§ **Problem to solve**:
Leaving the pictures aside, reproduce the data in full and word for word.

§ **Exercise input**:
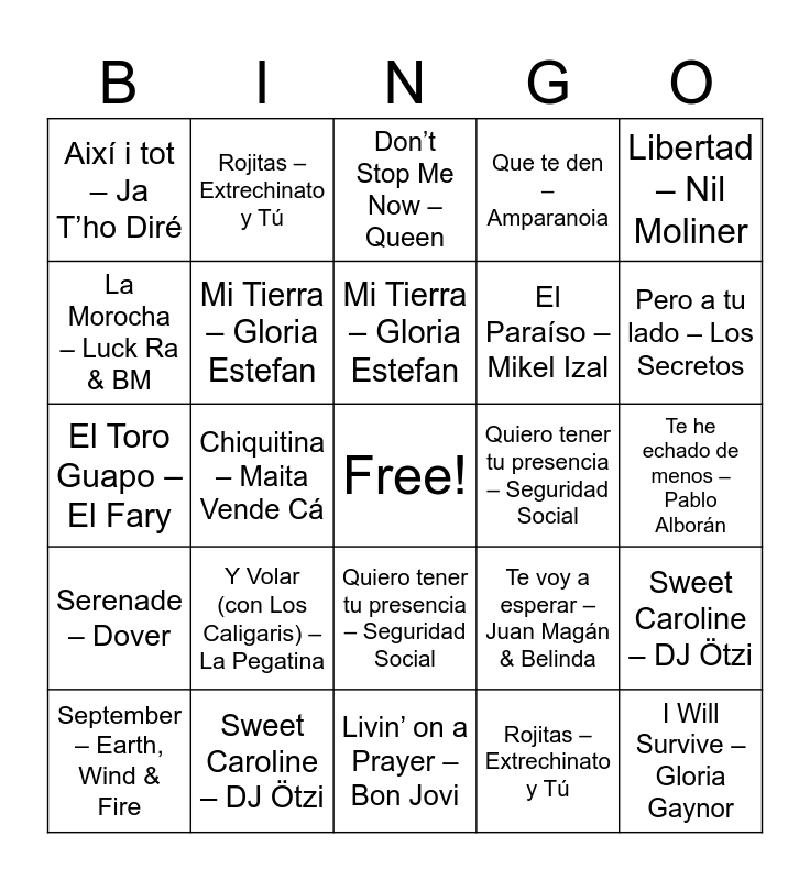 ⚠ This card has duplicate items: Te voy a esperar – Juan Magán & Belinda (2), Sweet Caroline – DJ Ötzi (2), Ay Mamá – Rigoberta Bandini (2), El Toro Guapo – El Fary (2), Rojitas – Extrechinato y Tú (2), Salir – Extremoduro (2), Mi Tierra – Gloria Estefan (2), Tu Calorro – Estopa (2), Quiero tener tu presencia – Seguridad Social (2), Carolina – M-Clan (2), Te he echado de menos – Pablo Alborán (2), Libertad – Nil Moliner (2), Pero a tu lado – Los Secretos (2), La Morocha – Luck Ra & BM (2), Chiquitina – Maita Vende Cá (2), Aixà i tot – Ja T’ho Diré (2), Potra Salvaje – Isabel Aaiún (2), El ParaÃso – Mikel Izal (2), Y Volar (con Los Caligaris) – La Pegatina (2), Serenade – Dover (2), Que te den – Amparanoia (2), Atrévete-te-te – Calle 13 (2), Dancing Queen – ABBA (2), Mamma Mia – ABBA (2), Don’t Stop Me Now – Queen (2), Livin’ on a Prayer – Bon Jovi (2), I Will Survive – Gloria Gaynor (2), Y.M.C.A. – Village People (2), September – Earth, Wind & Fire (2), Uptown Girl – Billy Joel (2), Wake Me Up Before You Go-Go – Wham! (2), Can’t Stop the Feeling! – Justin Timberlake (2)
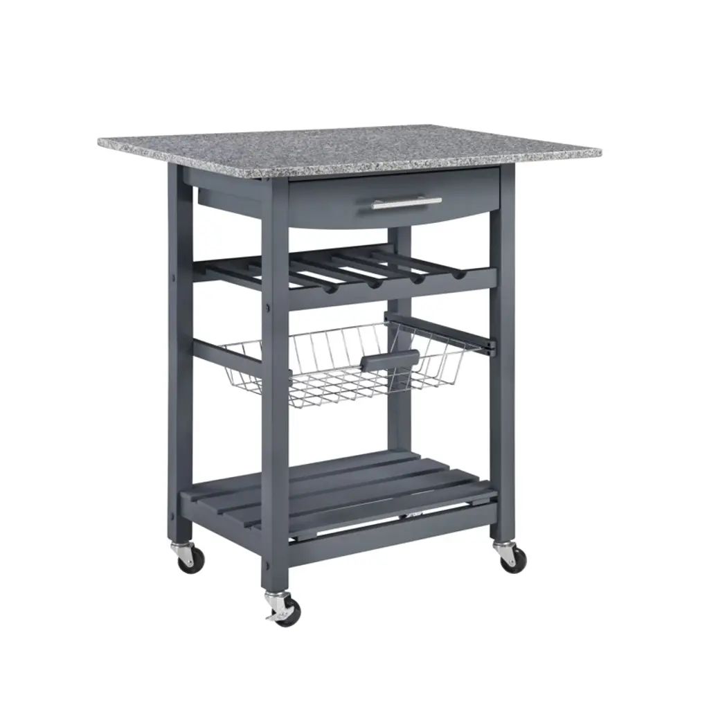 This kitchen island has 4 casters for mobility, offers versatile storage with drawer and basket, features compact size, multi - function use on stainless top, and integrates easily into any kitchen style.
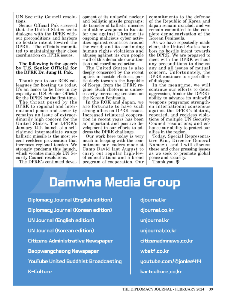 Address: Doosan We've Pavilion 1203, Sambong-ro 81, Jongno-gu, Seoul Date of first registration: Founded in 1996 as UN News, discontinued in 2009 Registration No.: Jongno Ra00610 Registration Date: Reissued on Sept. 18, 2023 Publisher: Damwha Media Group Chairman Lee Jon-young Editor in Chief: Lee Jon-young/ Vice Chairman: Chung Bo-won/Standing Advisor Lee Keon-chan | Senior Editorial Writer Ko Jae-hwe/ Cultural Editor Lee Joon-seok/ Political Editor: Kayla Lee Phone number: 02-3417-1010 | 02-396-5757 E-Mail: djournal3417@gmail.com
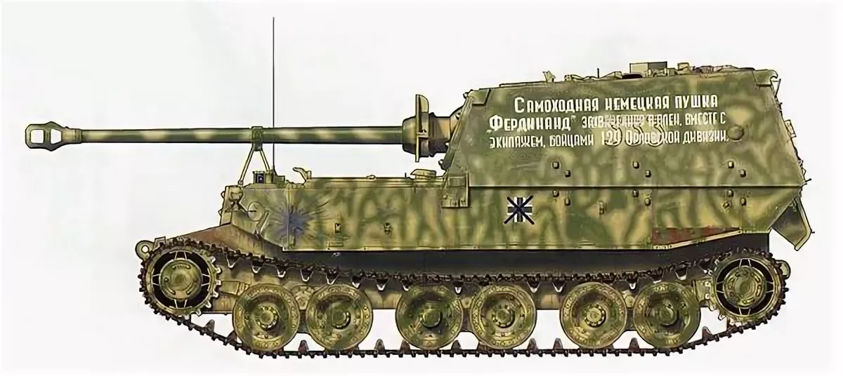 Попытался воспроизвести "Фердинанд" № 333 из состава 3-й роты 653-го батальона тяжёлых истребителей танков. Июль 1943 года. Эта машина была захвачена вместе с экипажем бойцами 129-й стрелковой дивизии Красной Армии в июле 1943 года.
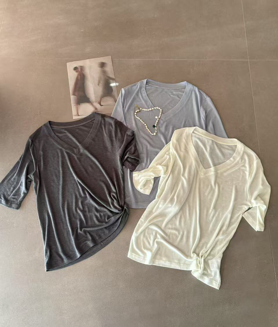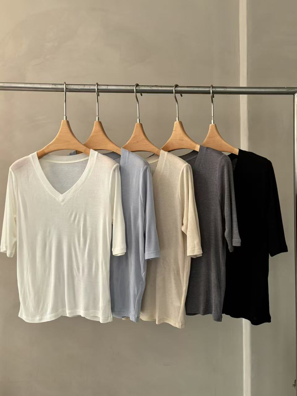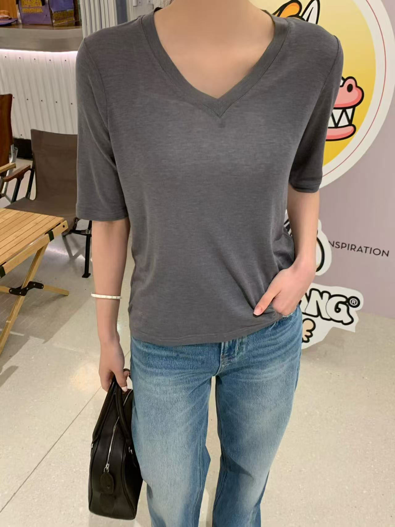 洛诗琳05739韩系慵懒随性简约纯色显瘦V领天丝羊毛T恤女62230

§ **Completed exercise**:
 ⚠ This card has duplicate items: Te voy a esperar – Juan Magán & Belinda (2), Sweet Caroline – DJ Ötzi (2), Ay Mamá – Rigoberta Bandini (2), El Toro Guapo – El Fary (2), Rojitas – Extrechinato y Tú (2), Salir – Extremoduro (2), Mi Tierra – Gloria Estefan (2), Tu Calorro – Estopa (2), Quiero tener tu presencia – Seguridad Social (2), Carolina – M-Clan (2), Te he echado de menos – Pablo Alborán (2), Libertad – Nil Moliner (2), Pero a tu lado – Los Secretos (2), La Morocha – Luck Ra & BM (2), Chiquitina – Maita Vende Cá (2), Aixà i tot – Ja T’ho Diré (2), Potra Salvaje – Isabel Aaiún (2), El ParaÃso – Mikel Izal (2), Y Volar (con Los Caligaris) – La Pegatina (2), Serenade – Dover (2), Que te den – Amparanoia (2), Atrévete-te-te – Calle 13 (2), Dancing Queen – ABBA (2), Mamma Mia – ABBA (2), Don’t Stop Me Now – Queen (2), Livin’ on a Prayer – Bon Jovi (2), I Will Survive – Gloria Gaynor (2), Y.M.C.A. – Village People (2), September – Earth, Wind & Fire (2), Uptown Girl – Billy Joel (2), Wake Me Up Before You Go-Go – Wham! (2), Can’t Stop the Feeling! – Justin Timberlake (2)
 This kitchen island has 4 casters for mobility, offers versatile storage with drawer and basket, features compact size, multi - function use on stainless top, and integrates easily into any kitchen style.
 Address: Doosan We've Pavilion 1203, Sambong-ro 81, Jongno-gu, Seoul Date of first registration: Founded in 1996 as UN News, discontinued in 2009 Registration No.: Jongno Ra00610 Registration Date: Reissued on Sept. 18, 2023 Publisher: Damwha Media Group Chairman Lee Jon-young Editor in Chief: Lee Jon-young/ Vice Chairman: Chung Bo-won/Standing Advisor Lee Keon-chan | Senior Editorial Writer Ko Jae-hwe/ Cultural Editor Lee Joon-seok/ Political Editor: Kayla Lee Phone number: 02-3417-1010 | 02-396-5757 E-Mail: djournal3417@gmail.com
 Попытался воспроизвести "Фердинанд" № 333 из состава 3-й роты 653-го батальона тяжёлых истребителей танков. Июль 1943 года. Эта машина была захвачена вместе с экипажем бойцами 129-й стрелковой дивизии Красной Армии в июле 1943 года.
 洛诗琳05739韩系慵懒随性简约纯色显瘦V领天丝羊毛T恤女62230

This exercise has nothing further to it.